In this exercise, print only the lines of the records below from the one with "Afb.6: Overzicht uit" through the one with "Workshop 'voorlichting geven", inclusive. Pictures are not part of the copy.

Data records
----------------------------------------

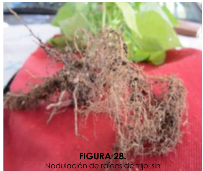
FIGURA 28. Nodulación de raíces de frijol sin inoculación de Rhizobium.
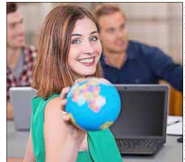
Die Welt ruft.

Dazu sollte man das Thema beim Betrieb offen und interessiert ansprechen, rät Berthold Hübers, stellvertretender Geschäftsführer der Nationalen Agentur Bildung für Europa beim Bundesinstitut für Berufsbildung (NA BIBB) in dem Beitrag. Am besten stellt man die Vorteile für das Unternehmen heraus: Etwa, dass man im Ausland neue Dinge lernt, die man mit in den Betrieb bringt. tmn
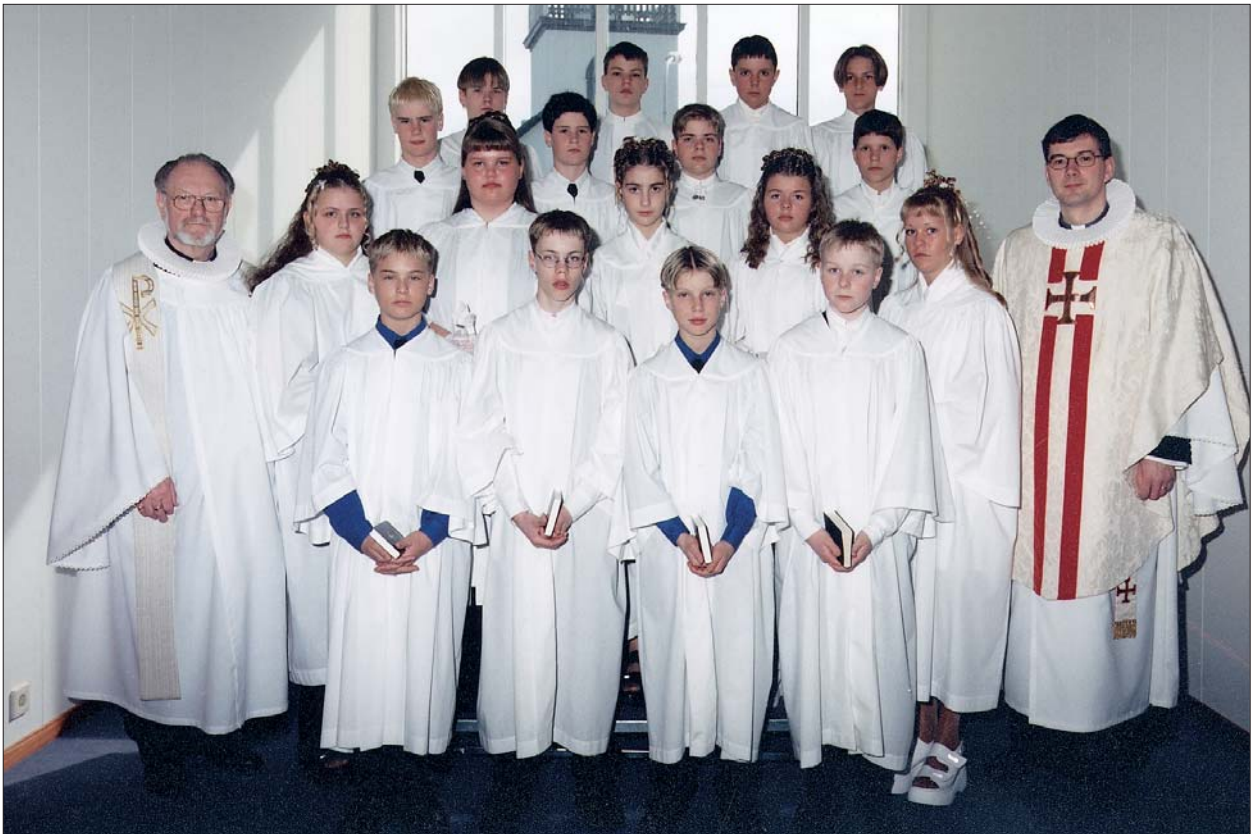
Fermingarbörn í Akraneskirku sunnudaginn 26. apríl 1998 kl. 10:30.
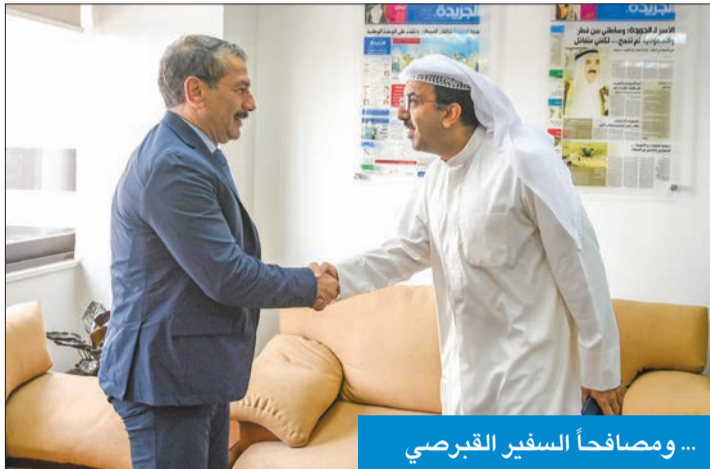
... ومصافحاً السفير القبرصي
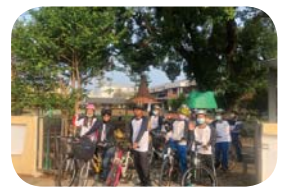
六年級畢業活動之一鐵騎環鄉之家鄉巡禮
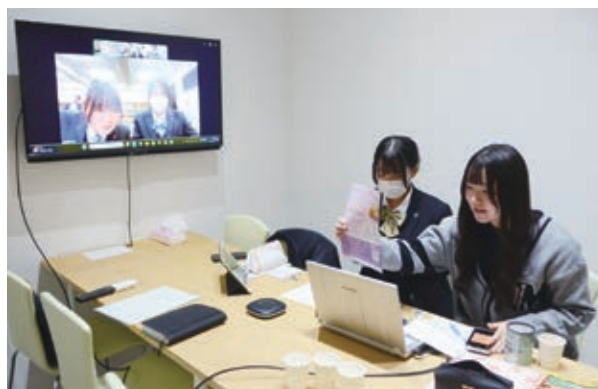
▲オンライン商談会で運営中の駅前カフェのチラシを紹介

12月4日、白石高校の生徒が運営するカフェ「Cafe Luna」で、新メニューをめぐるオンライン商談会が行われました。採用予定のハーブティーについて、開発元の聖光学院高校（福島県）と意見交換。試飲を通じ、県外校の地域振興の取組に触れる機会となりました。カフェは1月15・22・29日（全て木曜日）に営業します。
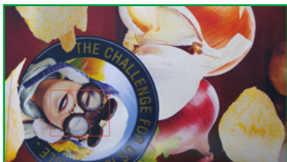
МОНИТОР 24" ДЛЯ ОТОБРАЖЕНИЯ ДЕТАЛЕЙ ОТТИСКА
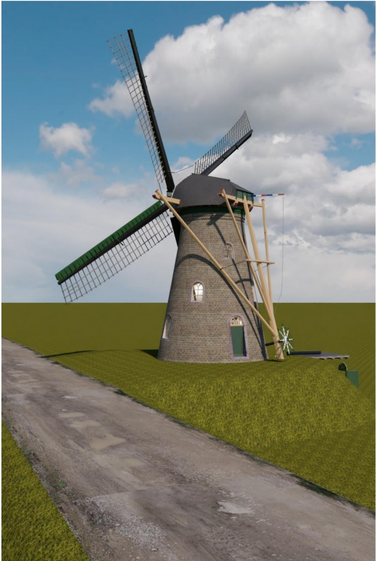
Afb.6: Overzicht uit zuidelijke richting. (Ontwerp: P. Dorst)
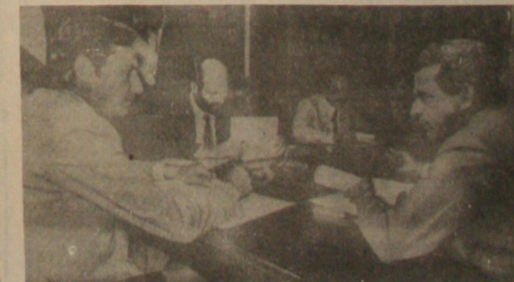
Os Ministros Dilson Funaro, João Sayad e Iris Resende durante a reunião de ontem do

Até o final da semana, o Governo, através da COBAL, divulgará licitação para a compra no mercado interno de 150 mil toneladas de carne para a formação de seus estoques deste pro-
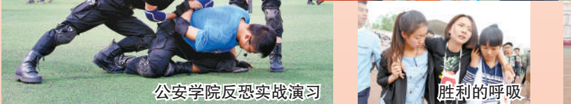
公安学院反恐实战演习
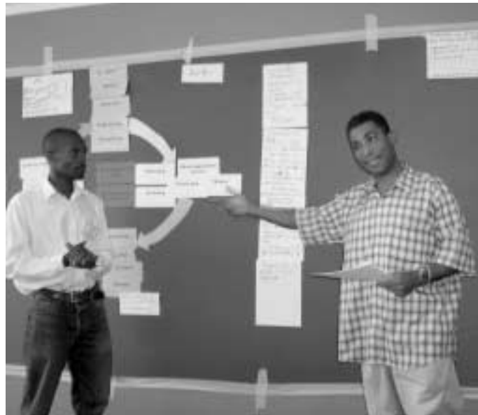
Workshop 'voorlichting geven aan ongeletterde volwassenen' (Malawi).

NiZA's financiële ondersteuning richt zich op de versterking van zowel individuele organisaties, als van een groep in zijn geheel. Zo volgen de partners als groep gezamenlijke trainingen of treden zij met of namens elkaar op tijdens onderhandelingen of campagnes. De achterliggende gedachte bij deze 'capaciteitsversterking als groep' is dat gezamenlijke acties meer invloed hebben op maatschappelijke veranderingen dan individuele.
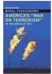
America's "War on Terrorism", book by Michel Chossudovsky

Abir was killed as part of U$ "initiate civil war" operation. The US army wants to slaughter people of Iraq while blaming it on the resistance. They
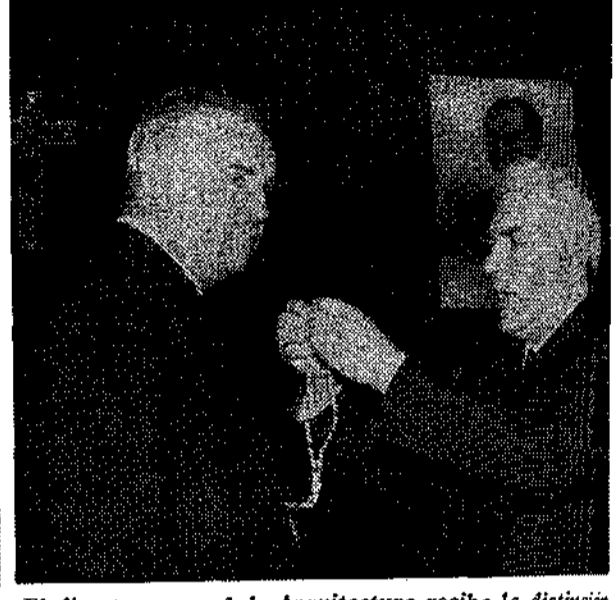
El director general de Arquitectura recibe la distinción de manos del alcalde
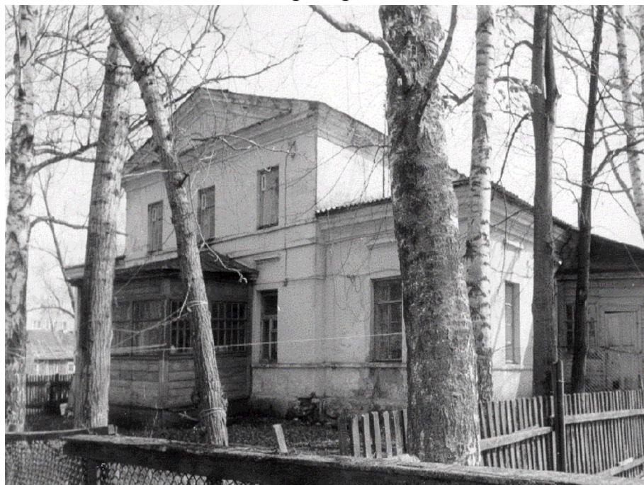
Рис. 3. Починковский конезавод. Жилой дом.

лись открытыми или акцентировались парадными арками; наружные галереи оформлялись аркадами или колоннадами. Внутренние пространства каре застраивались корпусами [24]. Таковы Табачные и Красные ряды в Костроме, гостиный двор в Кяхте, Коренная ярмарка под Курском (Д.Кваренги, 1783), упомянутые выше постройки Кутепова в Бронницах и др.
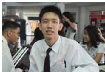
นักศึกษาวินิจฉัย ศึกษาที่คณะสังคมสงเคราะห์ศาสตร์

สามารถเข้าศึกษาต่อในสายวิทยาศาสตร์และเทคโนโลยีได้ ตลอดจนในปีการศึกษา ๒๕๕๒ นี้ มหาวิทยาลัยธรรมศาสตร์ ขยายโอกาสทางการศึกษาให้แก่ผู้พิการออทิสติกส์ สามารถเข้าเรียนในคณะสังคมสงเคราะห์ศาสตร์ เป็นแห่งแรกของประเทศด้วย
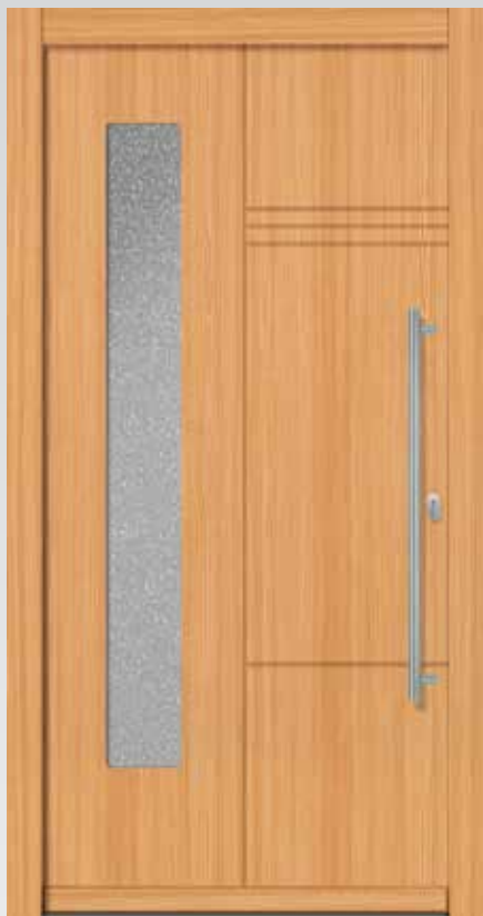
Typ 22.5500 H U d -Wert 1,2 W/m 2 K

inklusive Edelstahl-Stoßgriff, Innendrückergarnitur und Profilzylinder
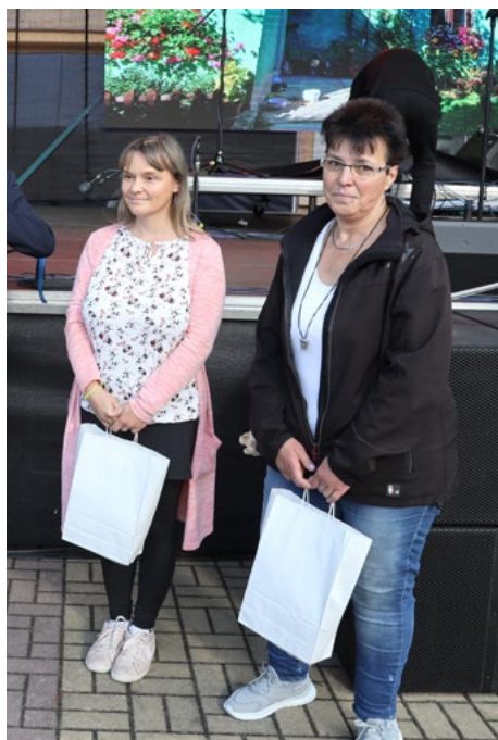
Nechybělo ani vyhlášení výsledků soutěže „Rozkvetlé okno“.
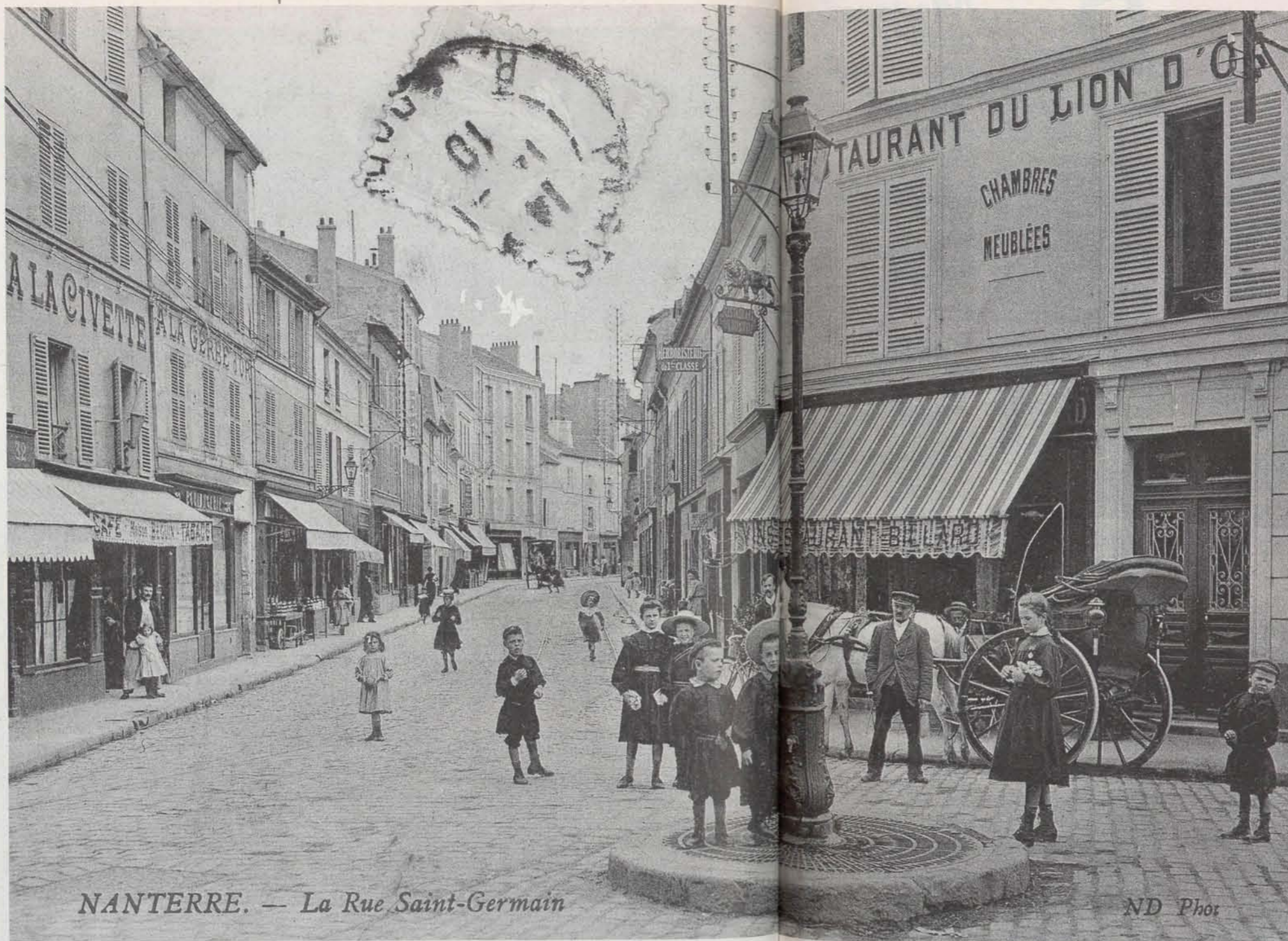
NANTERRE. — La Rue Saint-Germain

On sait que Sainte-Geneviève rendit la vue à sa mère aveugle en lui passant de l'eau tirée de son puits sur les yeux. Depuis, si l'on en croit la tradition, l'eau miraculeuse accomplit d'autres miracles notamment en ophtalmologie. Le philosophe de la Renaissance, Erasme, y eut recours et fut guéri ainsi que l'indique le poème qu'il composa pour célébrer l'événement. En 1636, Anne d'Autriche vint boire l'eau du puits qui avait la vertu de favoriser les naissances. On ignore si c'est ce pèlerinage ou l'un des nombreux autres qu'elle fit, qui fut efficace mais Louis XIV naquit en 1638. Cette eau accomplissait tous les prodiges puisqu'elle fit merveille pour les cheveux du Marquis de Soubise en 1590. L'histoire rapporte même qu'elle fit effet sur un huguenot de la suite du marquis ce qui est une preuve d'écuménisme à une époque peu tolérante.
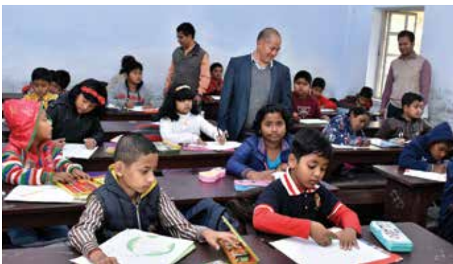
Drawing Competition among children on 'Water Conservation'
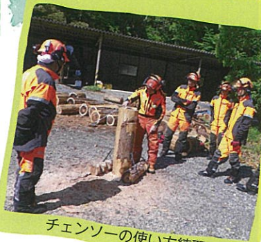
チェーンソーの使い方練習
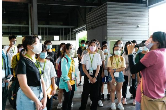
參訪「南區資源回收中心」
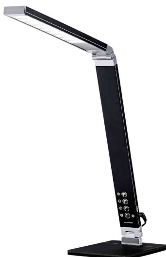
Lampe de bureau à LED Magic Light, vue de face
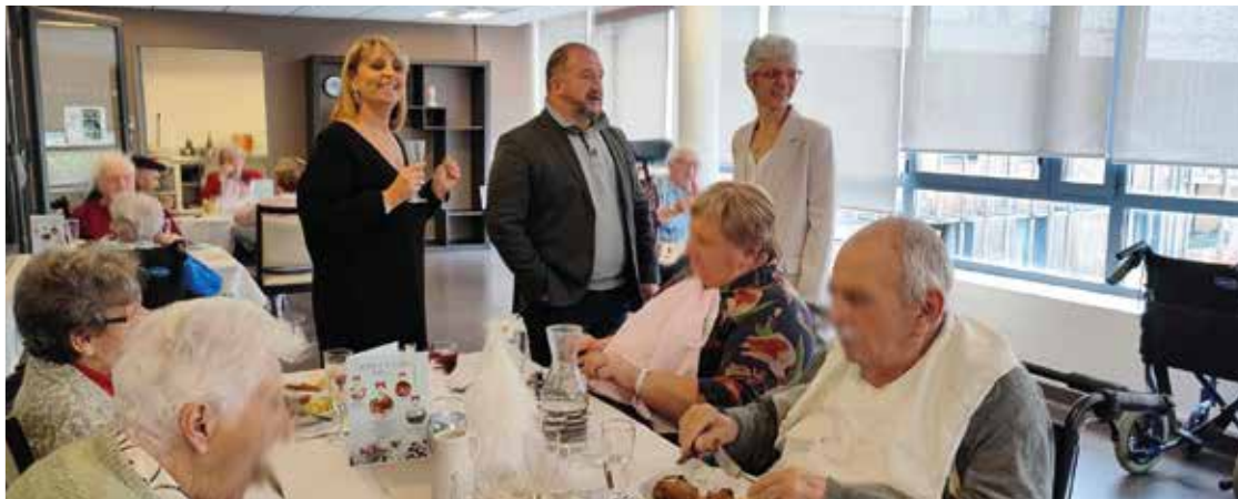
REPAS DE NOËL DANS LES EHPAD PUBLICS
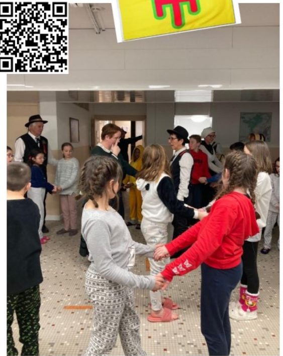
Des enfants dansent avec les Anciens

Pour les femmes, les jupes sont sombres, en laine, font 7cm d'épaisseur, et dessous, il a un jupon blanc. Elles ont un tablier : pour ramasser des légumes ou porter le bébé. Et les hommes portent des chaussures en bois, une belle chemise et un pantalon noir. Sur les chapeaux en paille, il y a un ruban aux trois couleurs de l'Auvergne, rouge comme la lave, jaune comme le soleil, vert comme la nature.
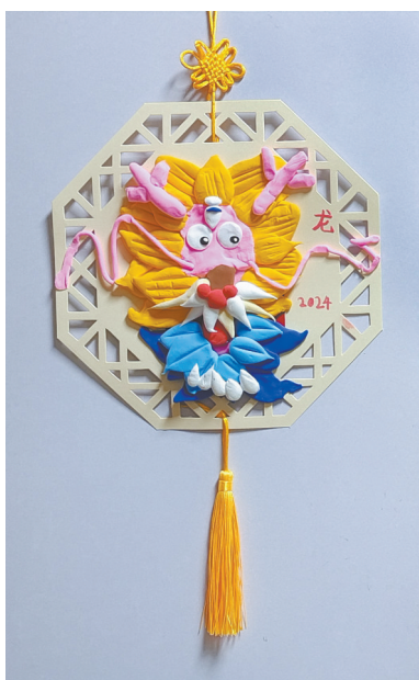
龙行龘龘 一(2)班 张琳瑄 (指导老师:马静怡)
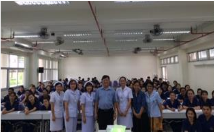
Practicing at pre-hospital
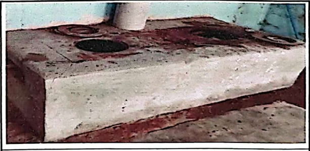
Foto 6: Suministro e instalación de forro de baldosas de barro en estufa rural

Observación: Si es necesario se pueden agregar hojas adicionales y actualizar el número de hojas.

----------------------------------------

* **Result**:
Afb.6: Overzicht uit zuidelijke richting. (Ontwerp: P. Dorst)
Os Ministros Dilson Funaro, João Sayad e Iris Resende durante a reunião de ontem do

Até o final da semana, o Governo, através da COBAL, divulgará licitação para a compra no mercado interno de 150 mil toneladas de carne para a formação de seus estoques deste pro-
公安学院反恐实战演习
Workshop 'voorlichting geven aan ongeletterde volwassenen' (Malawi).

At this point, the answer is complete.